Surface des choses, disais-je en exergue. Car il convient de regarder dessous, pour percevoir, beaucoup plus grave, le mal qui ronge, lentement mais sûrement, notre pays : le communautarisme. Nous ne sommes, d’ailleurs, déjà plus un pays mais, plutôt, un entrechoc d’ethnies, races et communautés.
Avant quelles empoignades ? Parler de développement durable et de politique économique, dans un tel contexte, relève de l’insulte à l’intelligence de notre peuple. Qu’allons-nous développer et partager, si nous agissons de la sorte ? Seul un Etat souverain et impersonnel peut conduire une stratégie du court au très long terme et ce n’est certainement en se bornant à diviser les communautés en quêtes de parts de gâteau qu’on parviendra à cette juste gouvernance.
Il est temps d’arrêter tout ce cirque. Mais qu’on nous comprenne bien : nous ne demandons pas de gommer les communautés ni les ethnies. Bien au contraire ! Il s’agit de faire, de leur exaltation respective vers le meilleur d’elles-mêmes, le ciment et le fer de lance de notre pays.
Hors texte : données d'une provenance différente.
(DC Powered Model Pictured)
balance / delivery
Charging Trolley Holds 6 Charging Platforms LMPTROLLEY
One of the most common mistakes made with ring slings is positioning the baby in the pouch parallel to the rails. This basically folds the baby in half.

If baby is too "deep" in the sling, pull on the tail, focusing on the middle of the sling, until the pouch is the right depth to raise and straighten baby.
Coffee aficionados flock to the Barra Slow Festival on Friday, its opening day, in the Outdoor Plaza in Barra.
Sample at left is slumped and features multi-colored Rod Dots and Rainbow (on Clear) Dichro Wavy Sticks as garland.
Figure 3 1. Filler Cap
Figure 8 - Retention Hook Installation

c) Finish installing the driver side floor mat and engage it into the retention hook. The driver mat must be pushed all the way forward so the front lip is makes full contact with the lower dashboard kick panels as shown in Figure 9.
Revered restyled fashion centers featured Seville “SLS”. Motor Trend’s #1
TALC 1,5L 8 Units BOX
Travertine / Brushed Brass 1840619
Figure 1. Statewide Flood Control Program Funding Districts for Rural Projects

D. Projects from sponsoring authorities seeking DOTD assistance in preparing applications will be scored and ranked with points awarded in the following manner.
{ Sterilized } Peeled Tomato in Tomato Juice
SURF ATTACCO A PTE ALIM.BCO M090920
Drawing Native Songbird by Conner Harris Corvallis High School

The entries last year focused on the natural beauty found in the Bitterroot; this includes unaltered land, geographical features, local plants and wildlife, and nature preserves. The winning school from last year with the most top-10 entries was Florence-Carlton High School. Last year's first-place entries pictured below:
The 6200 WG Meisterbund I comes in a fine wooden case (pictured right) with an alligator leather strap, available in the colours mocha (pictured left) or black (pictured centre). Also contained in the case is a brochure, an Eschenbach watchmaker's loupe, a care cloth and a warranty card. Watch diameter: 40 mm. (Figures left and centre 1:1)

Comment ? En construisant un Etat réellement démocratique et équitable, appliqué, comme le propose si bien Edgar Morin, à faire, de « la diversité, le trésor de l’unité » et vice versa. « Dès que vous oubliez l’unité humaine », précise l’émérite sociologue, « vous vous enfermez et c’est l’universalisme qui souffre […] dès que vous oubliez la diversité humaine, vous être dans une abstraction aveugle, source d’oppression (1) ».
Seul un Etat démocratique, juste et équitable, peut arrêter le communautarisme rampant qui se nourrit de l’autocratie. Tout comme celle-ci se nourrit de celui-là , avant d’en être, tôt ou tard, la victime et, avec elle, la Nation tout entière. Chaque citoyen, qu’il soit maure, pular, soninké, wolof, fils de case ou de tente, d’affranchi, de forgeron ou de griot, chacun doit pouvoir trouver son plein épanouissement. Mohamed, Amadou, Soulé ou Yacine, vivre ses droits et ses devoirs, bien ajustés.
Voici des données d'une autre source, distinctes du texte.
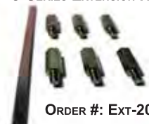
C-SERIES EXTENSION KIT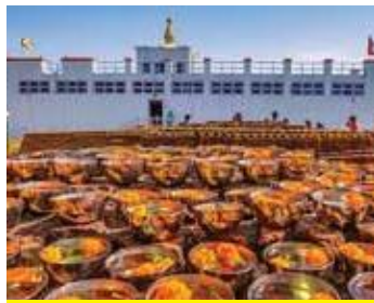
MAYA DEVI TEMPLE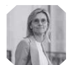
Agnès Pannier-Runacher Minister of Ecological Transition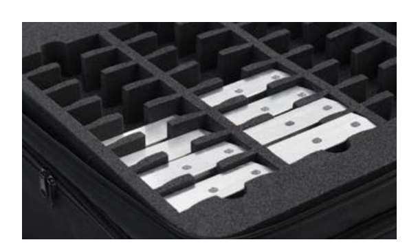
In the upper part of the transport bag there is a generally usable space for the side cutter SE02 and free compartments for 9 optional clamping piece pairs.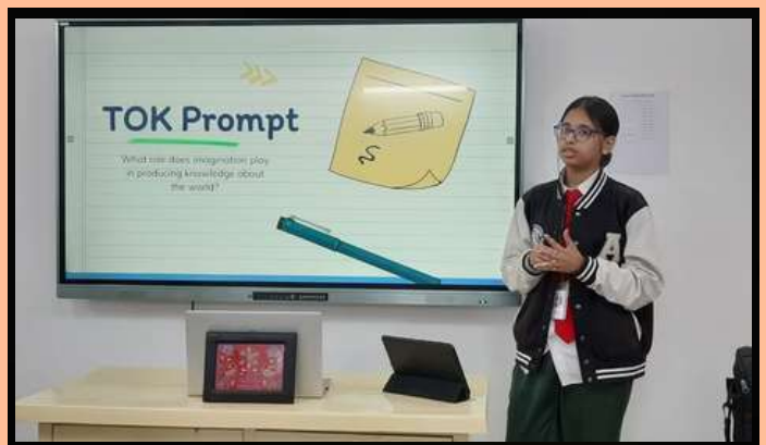
Students Take Turns To Present Their Mock TOK Exhibition Presentations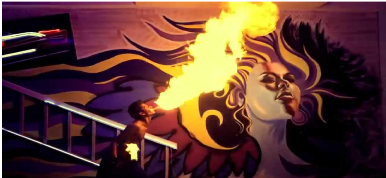
Grameen Phone Ad: Scene 2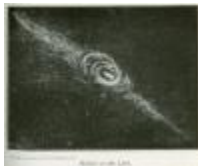
Click to enlarge Nebula in the Lion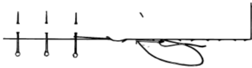
Fig. 4: Slip basting

To slip baste, work from the right side, turn under the seam allowance on one piece, and lap it over the seamline on the other piece. Using a single thread of contrasting colour take a short stitch on the seamline of the under piece. Slip the needle through the fold of the upper piece and repeat the stitches. The needle is never brought through the upper surface of the top layer. Slip basting is used to match patterned fabrics where seams have to be stitched from the right side of the fabric. (Figure 4).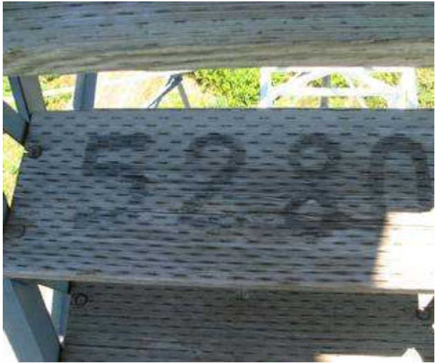
Mile High step at Walde LO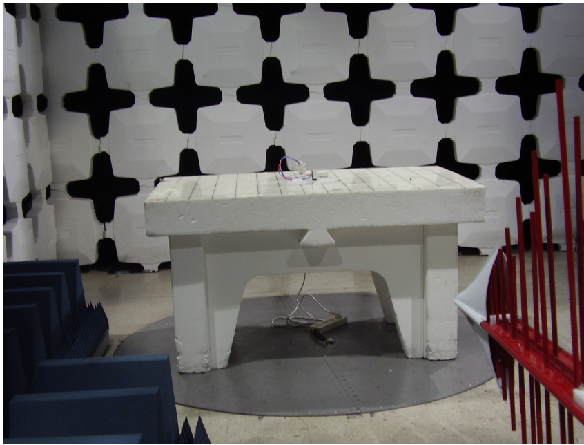
Photo 1. RE test setup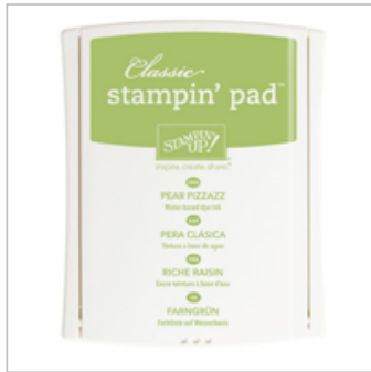
Pear Pizzazz Classic Stampin' Pad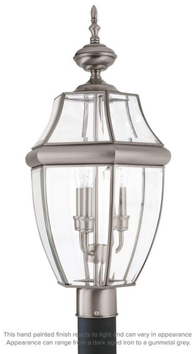
This hand painted finish reacts to light and can vary in appearance. Appearance can range from a dark solid iron to a gunmetal grey.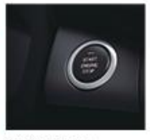
Push Start (tot AT only)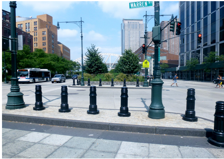
FIGURE 10 | DOT traffic-calming measures have helped improve the pedestrian experience, as shown here at the Hub in the Bronx (Left). At the West Side Highway and Warren Street in Lower Manhattan. (Right)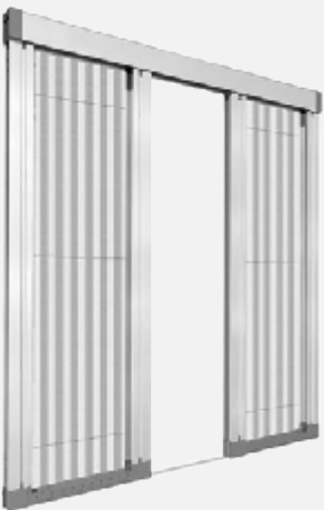
Barrier Free Mesh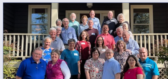
Missionary parents at their spring meeting.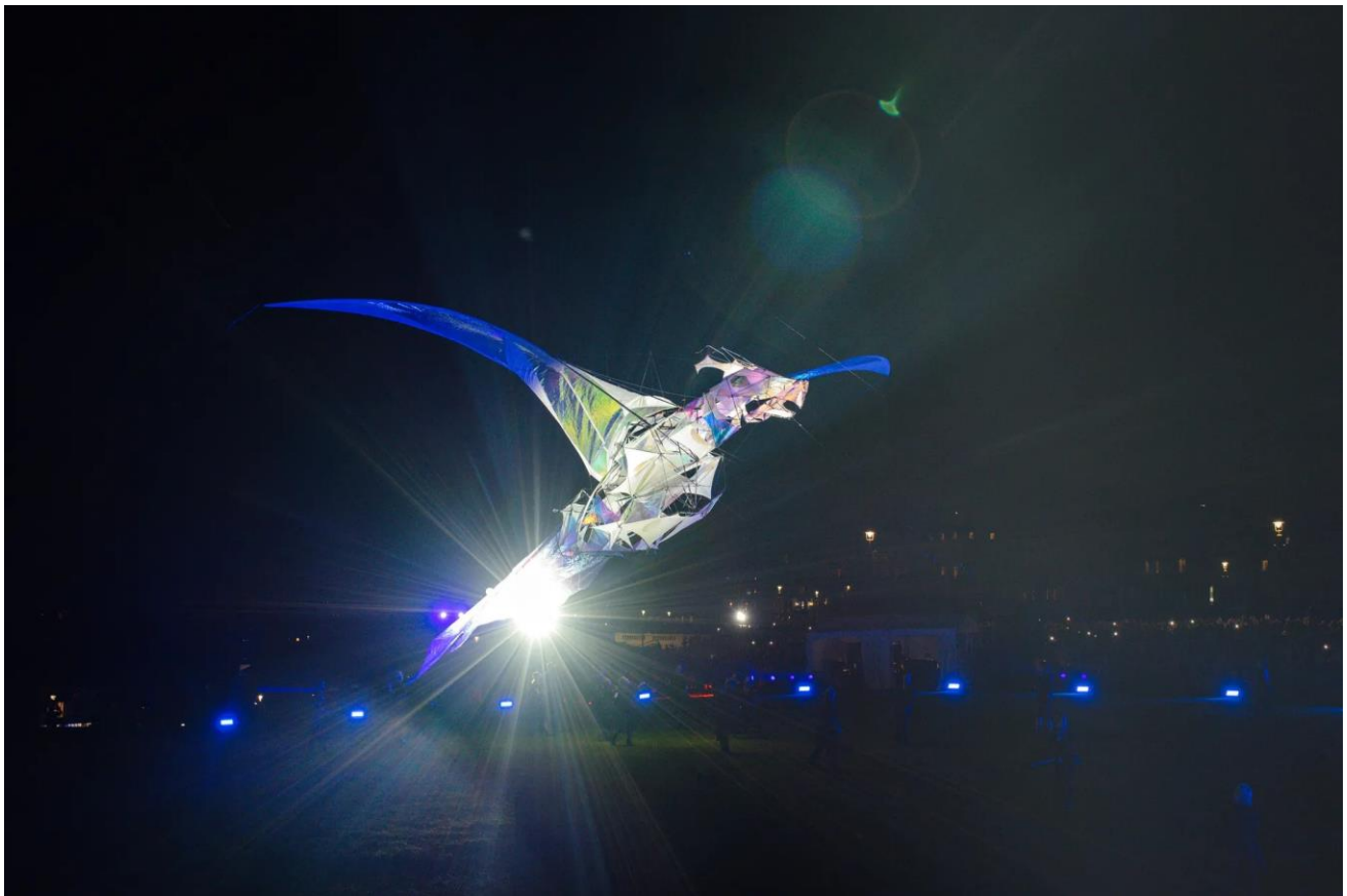
The Hatchling in Plymouth, 2021. Created and produced by Trigger.

Trigger create and produce surprising live and digital events that interrupt daily life, reimagine and revive public spaces, and put audiences at the centre of the action. Trigger's programme aims to create accessible, inclusive and boundary pushing work which is often sited outdoors and/or digital. Our work is brought to life by a team of cross-disciplinary artists and creatives, often showcasing the creativity of local communities.

Il s’agit de restaurer le règne des compétences, du travail et du mérite, mettre fin au monopole de certains tribus ou fractions – suivez mon regard – sur les passations de marché… Toute autre attitude n’est que fuite en avant – ou plutôt, en arrière – et nous rattrapera, tôt ou tard.
Répétons-le, encore et encore : cet Etat démocratique et équitable sera celui de la « Maison Mauritanie » et non celle des Maures, Soninkés, Pulars, Wolofs, Harratines, Forgerons, Griots ou de toute autre caste existant en ce pays. Indignons-nous, donc, tous ensemble, de l’attitude actuelle des autorités qui semblent tolérer – pour ne pas dire encourager – pour de strictes raisons de politique politicienne à courte vue, ce communautarisme, danger mortel pour notre pays.
Elles feraient mieux d’avancer, résolument, vers un Etat de droit, démocratique et équitable, seule solution viable et durable. Dans cette quête d’équité, il faut oser ce que personne n’a osé faire : publier le décompte, non pas de notre nombre global – ça, nous le connaissons – mais du poids de chacune de nos ethnies.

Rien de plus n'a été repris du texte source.